Location
- 45 Strong Street Terang, Victoria Australia
- Coordinates: 38°14′47″S 142°55′16″E﻿ / ﻿38.24639°S 142.92111°E

Information
- Type: Public, co-educational, secondary, day school
- Motto: Together We Grow – From Good to Great
- Established: 1848; 178 years ago
- Principal: Kath Tanner (2021)
- Teaching staff: 35 (2010)
- Years offered: Prep–12
- Enrollment: 255 (2025)
- Campus: Terang, Victoria
- Website: www.terangcollege.vic.edu.au

= Terang College =

Terang College is a government school located in Terang, Victoria, Australia. The school was established in 1848 as Terang Primary School.

The school educates over 400 students from preparatory to year 12 on two campuses. The primary campus is located on the Southern (Warrnambool) side of the town and houses years preparatory to 4. The secondary campus is on Strong Street, and comprises a middle years section and an upper years section. This campus caters for children in years 5 to 12.

Four of its students have been killed in road accidents. To commemorate the deceased students, and to draw attention to road safety, in 2008–09 two students led a school-based apprenticeship project to build a 35-metre treated pine boardwalk.

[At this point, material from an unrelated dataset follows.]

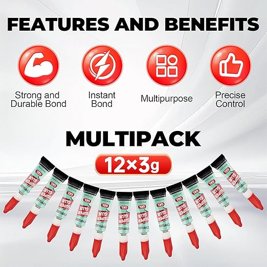 - ๐ฆ Bulk Pack, Fresh Use Every Time: Supplied in 12 ร 3g mini tubes, the CA glue offers both quantity and practicality. The small single-use packaging prevents premature drying after opening, reduces waste, and ensures every application stays fresh, making it cost-effective and easy to use anytime.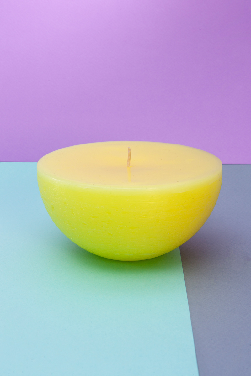 Свеча декоративная 1 шт, форма полусфера, диаметр 120. Свечи- конструктор для интерьера  ТМ Crystal Style - это яркие и необычные цвета и формы, которые выделят и украсят ваше пространство. Подойдут для любого интерьера и оформления. Их можно сочетать между собой и использовать в разных помещениях, например, в салоне красоты, при оформлении свадебных интерьеров, фотозон или дней рождений. Такая свеча станет не банальным и интересным подарком для девушки, подруги, друга, коллеги по работе . Свеча изготовлена из парафина и красителей европейского качества, без отдушек. Фитиль из натуральной хлопковой нити. Высокое качество парафина: обеспечивает длительное горение и ровное пламя, не создавая дыма или неприятного запаха. Соберите полную коллецию из серии "Лимонное счастье" из разных форм, дополните композицию свежими фруктами, тем самым, создав настроение весны, наполните интерьер яркими красками. Также хорошо сочетается с серым цветом, например , с серией "Туманное утро".

A wetlands precinct has been established to highlight and educate about the changing needs of the environment, and this is situated at the secondary campus. A student vegetable garden is in use, and is tended to each year by a certain year level of students.

The produce from this garden is frequently utilised in the school's home economics section.

Students at the school in 2008 were able to become members of the Academy of Sport, which focuses on students being given an opportunity to receive specialised training in particular sports, as decided each year. This is one of only a few schools in the state to run such programs.

In 2013 principal Adam Box, announced that he would be moving to South Australia, to work with the Education Department of South Australia to bring his unique skill base to the South Australian Education system. The new principal for 2014 is Peter Lee.

In 2015, the departure of the interim principal Peter Lee, was met with the appointment in the new principal Greg Button.

Current School Principal Kath Tanner was appointed in July 2021.

The original school bell, the oldest bell in Australia, is displayed at the primary site. The bell was cast in Adelaide by William Pybus in 1845.

In 2013, Terang College became part of the BEACON program, a program which helps provide students with knowledge to help with future business endeavours. Beacon Ambassadors were chosen to represent the school at a variety of functions engaging parts of the local business community.